Much has already been written about the sexualization of JonBenet Ramsey and all the other girls in the thousands of little-miss pageants across the country. We would do well not to ignore its obverse, which is the fetishizing of children's innocence--particularly that of girl children--as a means of sustaining the culture's perverse faith in its own unspoiled nature. The cult of innocence is the root of our claim to be a child-loving society, and one of the most salient measures of our child-loathing.
Steve Perry, January 29, 1997
Jawing about crime is the hallmark of the Sayles Belton administration. Not that it's all rhetoric. Under her watch the City has expanded police ranks to record levels; in her State of the City address she bragged of the additional $14.7 million a year being spent on law enforcement in the city. Of the inevitable corollaries, such as the quiet diminution of the city's community health care resources, she understandably said nothing. Say what you will of the mayor's soporific governance, her inattention to festering race troubles in her own police and fire departments, her office's sporadic attention to detail...she has done what she was elected to do: assuage white fear while flattering the self-regard of a town grown accustomed to believing it's more tolerant and forward-thinking than it really is.
Steve Perry, June 25, 1997
Part of my aversion to [A Prairie Home Companion] is that I have always found the show's blinding whiteness--in every sense of the word--a terrifying thing, and its popular ascendancy coincided exactly with my own ecstatic departure from a small Midwestern town and a childhood and adolescence that was more Woe than gone. In Keillor's celebrated voice I hear only exhaustion; he sounds tired of the whole hoodwinking project, tired of keeping his conga line of clumsy dancing skeletons in the closet.
Beneath the carefully constructed Wobegon façade, however, beats the true dark heart of a pathological sentimentalist; call it the John Wayne Gacy/David Lynch syndrome. In a 1995 New York magazine piece, Keillor admitted to writer James Kaplan that 1958 teen spree killer Charlie Starkweather had been a hero of his youth. "Do you ever experience uncontrollable rage?" he asked Kaplan, "And an urge to just drive and drive?" That was a wonderful and uncharacteristically unguarded moment, and it's precisely that sort of darkness--nostalgia's id--that has always been missing from the radio show.
It's possible, I think, to believe in something and not know how to live it," Keillor told the Los Angeles Times in 1985. Of course it is. And in Wobegon Boy he has finally shown us a more fantastic--and at the same time more realistic--portrayal of an entire little town grimly hamstrung by that unfortunate truth. Welcome home, Garrison. Welcome home.

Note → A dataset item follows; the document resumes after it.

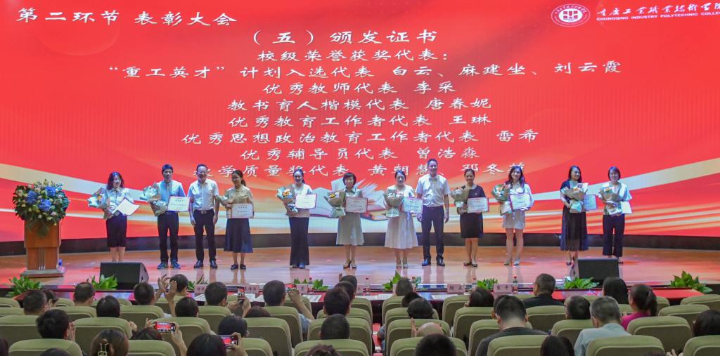 躬耕教坛,强国有我。在第39个教师节来临之际,9月8日下午,重庆工业职业技术学院2023年教师节暨表彰大会在第一学术报告厅隆重举行。学校党委书记郭天平以及全体在家党委委员、副科级以上干部(含教研室主任)、获奖教师代表、学生代表等近500人,欢聚一堂,共庆佳节。大会由党委副书记张荣主持。

Brad Zellar, December 17, 1997
There is a certain poetic justice in seeing the president who made Family Values the central theme of his reelection campaign brought low by his own reckless philandering....Clinton is, after all, the man who shredded the social safety net for unwed mothers while lecturing them about "responsibility"; who signed the gay-bashing Defense of Marriage Act and boasted about it in his campaign commercials;...who opposes frank sex education and condoms in the schools, and the like.
Doug Ireland, January 28, 1998
I want to believe that all the 20th Century's fevered teen-idol dreams are, at their heart, acts of brave invention. This one, sing the sleepy girls, this prince is he who could wake us. Outside their dreams, he doesn't exist, so they slumber on. Still, each generation remembers the dream as they raise their sons. And the mother's dream pushes the daughter's dream further, and the daughter sleeps more lightly. The sons of our mothers' dreams walk now in the world. And so we nurture our long awakening, a prince at a time.